Understanding the Results

Minimum Runtime

Shows the fastest execution recorded.

Useful for identifying:

  • Best-case performance
  • Ideal execution window
  • System baseline

Average Runtime

Shows typical execution duration.

Useful for:

  • Capacity planning
  • SLA validation
  • Batch scheduling

Maximum Runtime

Shows worst-case execution.

Helpful for finding:

  • Blocking issues
  • Data spikes
  • Lock contention
  • Resource bottlenecks

Example Use Cases

Identify Slow UBEs

Find reports consistently taking too long.

Example:

UBEAverage Runtime
R42565  2 min
R09801  45 min
R55XXX03  90 min

Detect Performance Degradation

Compare current month vs previous month runtimes.

Batch Queue Optimization

Move heavy jobs into separate queues.

Infrastructure Planning

Determine whether:

  • Additional kernel processes are needed
  • Database tuning is required
  • More CPU or memory is needed

Recommended Enhancements

You can further improve reporting by adding:

Additional Filters

AND JCUSER = 'JDE'
AND JCSTDTIM >= '2025-01-01'


Build Dashboards

Use:

  • Power BI
  • SQL Reporting Services
  • Grafana
  • Excel Pivot Reports

to visualize job execution trends.


Final Thoughts

Submitted job performance analysis is one of the most overlooked areas in JD Edwards administration.

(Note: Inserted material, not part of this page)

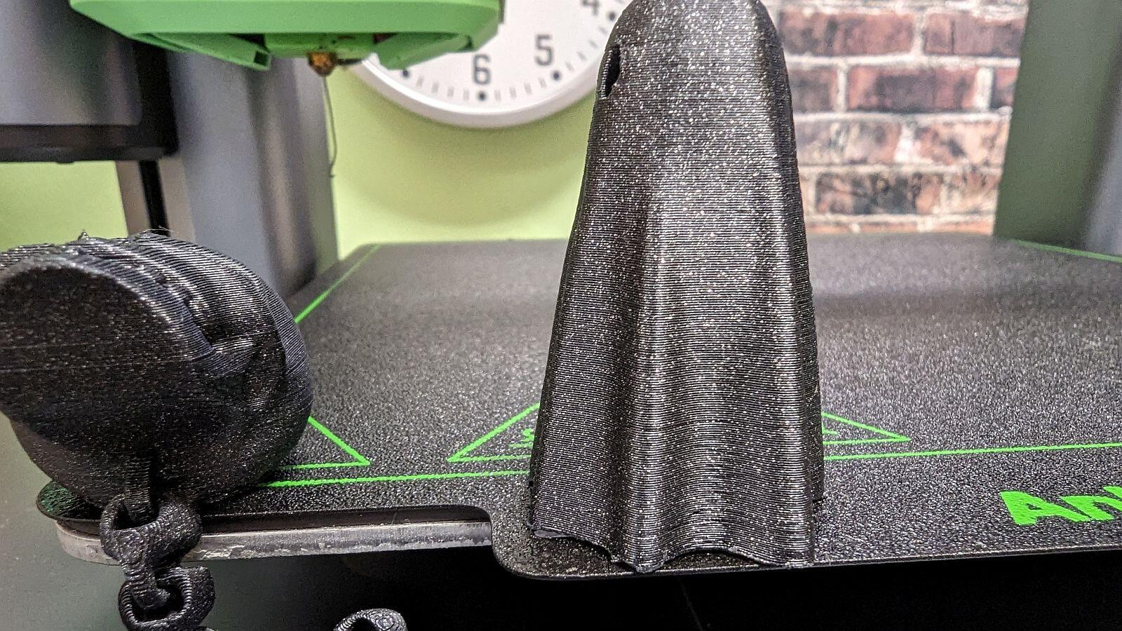 Wie es sich in den Kommentaren herauskristallisiert hat, war der Buddha/Mönch mit seinem schlecht druckbaren Holz-Filament, wobei das Objekt auch noch auf ein viertel im Slicer verkleinert wurde, vielleicht nicht die beste Wahl für ein Demo. Deshalb möchte ich auch noch ein paar Detail-Fotos von zwei schnellen (250 mm/s) Drucken zeigen. Für mich absolut eine akzeptable Qualität, wenn man die dabei gefahrene Geschwindigkeit beachtet. Gedruckt sind beide Modelle mit 0.2er Auflösung auf Noname Glitzer-Filament in PLA. Der Schlüsselanhänger-Geist inkl. rausklappbaren Print-In-Place Füßen benötigte dabei gerade mal etwas mehr als 30 Minuten.

Using the F986114 table, CNC administrators can quickly identify:

  • Slow-running reports
  • Runtime inconsistencies
  • Capacity issues
  • Scheduling bottlenecks
  • Growth-related performance degradation

Regular monitoring of submitted jobs helps maintain stable batch processing and improves overall EnterpriseOne system performance.